EP: I am working on another show called Nous on a Rien vu venir (We Did Not See It Coming), with the help of Idriss Roca for the writing and Thomas Martin by my side to play, where we talk about our connections with the multimedia world. There is just a TV and a blue screen, and I perform a thousand tricks. I like working with digital technologies because it is a crucial question for our generation, and the spectral life we live together is a condition I am scared of. In The Warrior’s Rest, the desire to work on this subject matched a technical aspect. I always had my phone with me, thousands of pictures showing me my whole life, and I was interested in working with it. The feeling you get when you realise that this condition of belonging through your phone is a sort of ‘I am not alone’ feeling. That was also interesting; To bring to the surface the lack of connection all around people who use a phone to feel themselves amongst others, even though they are not physically there with them.
What did the circusnext program provide for you, and how did it influence your creation?
EP: I saw the call and thought I was not fitting.
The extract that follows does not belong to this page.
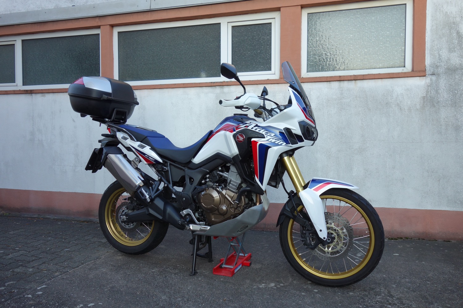 ..6 Honda Aufkleber auf den Koffern (unter anderem) lassen keinen Zweifel am Hersteller aufkommen. Da fällt mir der Spruch ein ,,stolz wie ein Spanier ,,

One day before the deadline, I had a motivational boost of ‘let’s try’. And then, I was surprised. I was in the middle of the creation when I applied, and my ideas were clear, but I was uncertain how to proceed. During the selection, it became evident that my approach was not smooth and was complex moving forward. I was wrongly concentrating on the physical pivotal actions more than thinking in terms of ‘this is really working, this is not’. The process changed my approach to doing the work.
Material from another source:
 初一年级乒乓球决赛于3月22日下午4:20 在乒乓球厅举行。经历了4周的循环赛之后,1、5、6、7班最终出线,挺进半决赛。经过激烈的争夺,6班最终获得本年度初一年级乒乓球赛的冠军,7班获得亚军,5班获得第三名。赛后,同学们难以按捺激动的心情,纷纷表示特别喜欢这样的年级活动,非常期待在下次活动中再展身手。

Circusnext also worked as a sort of safe place where we were not alone. The laboratories have been exciting because of the shared experiences and the feeling that we had all the same problems. The variety of thoughts and approaches met in the international context have been nourishing. The first residency in Belgrad, for me, has been magical. The quality of the material I discovered working with Milan Manić that week was incredibly high, and the positive feedback after the public presentation motivated me to go forward. The selection allowed me to meet new people from Serbia, Italy, Portugal, and Germany. I extended my network, and that's the best gift. And receiving its final recognition signifies a lot to me.
You are one of the founders of a new collective structure in Toulouse, La Superette. How has it influenced your way of developing circus?
EP: Toulouse sees lots of circus companies sharing a common approach, and the idea was to become stronger by starting a new development structure, capable of uniting all of us under the same values and goals. Even if nationally we have at our disposal a system that supports us, we know the conditions of producing a show are becoming harder everywhere. It is a sort of militant idea. We think the landscape is changing, and we need to be more supportive of each other and stop being so dependent on the system. The structure was founded in 2022 and is becoming a cooperative, resembling more of an enterprise than an association. It is a different way of thinking. We want to design and share a helpful tool for emerging artists interested in developing their projects through collaborative ideas and teamwork. To assist them at the beginning of their career by creating the condition of supporting spontaneous research, simple actions like sharing the same space for residencies.